"Un mio amico mi aveva chiamato chiedendomi di andare ai giardini Diaz perché aveva bisogno di marijuana. Mentre lo aspettavo una ragazza mi si è avvicinata perché voleva eroina".

Inizia così il racconto di Innocenti Oseghale, imputato nel processo per la morte di Pamela Mastopietro, 18enne romana uccisa e fatta a pezzi il 30 gennaio 2018 a Macerata.

In aula il giovane nigeriano ha rilasciato una serie di dichiarazioni spontanee dando la sua versione dei fatti.

"Pamlea mi ha implorato di aiutarla in cambio di una prestazione sessuale - ha proseguito davanti alla Corte d'Assise - e abbiamo consumato il rapporto a Fontescodella, senza protezione. Non sono stato io ad ucciderla e ci tengo a dirlo davanti ai familiari".

Oseghale è invece accusato di aver accoltellato la ragazza, facendone a pezzi il corpo per poi nasconderlo all'interno di due valige.

Sempre oggi, in tribunale, c'è stato un duro faccia a faccia tra le due tesi contrapposte: quella della Procura e della parte civile che sostengono che la ragazza sia stata uccisa da due coltellate al fegato, contro quella della difesa, convinta che la 18enne sia stata stroncata da overdose.

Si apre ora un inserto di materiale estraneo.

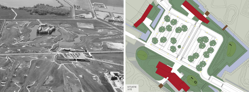 In the new Haverleij residential area near ‘s-Hertogenbosch, the houses have been grouped together in ‘castles’: massive building blocks in a green area that is largely laid out as a golf course. The Golfclub Haverleij consists of three buildings: the clubhouse, a driving range and a greenkeeper’s building. These buildings are usually spread over the site, but in order to stay within the urban development vision of the Haverleij, the buildings are grouped around the centrally located car park.

Versione quest'ultima ribadita dallo stesso Oseghale, secondo cui il giorno della morte si trovava con Pamela in cucina, dopo che entrambi avevano raggiunto la sua abitazione.

Dopo aver fatto sesso lei l'aveva lasciata nella stanza da sola a cucinare la pasta, mentre lui stava occupando di mettere un po' di musica.

E, ha spiegato, al suo ritorno ha trovato la ragazza a terra.

"Le fuoriusciva qualcosa dalla bocca. L'ho presa in braccio e l'ho appoggiata nel letto".

Una ricostruzione che, invece, non convince affatto i pm.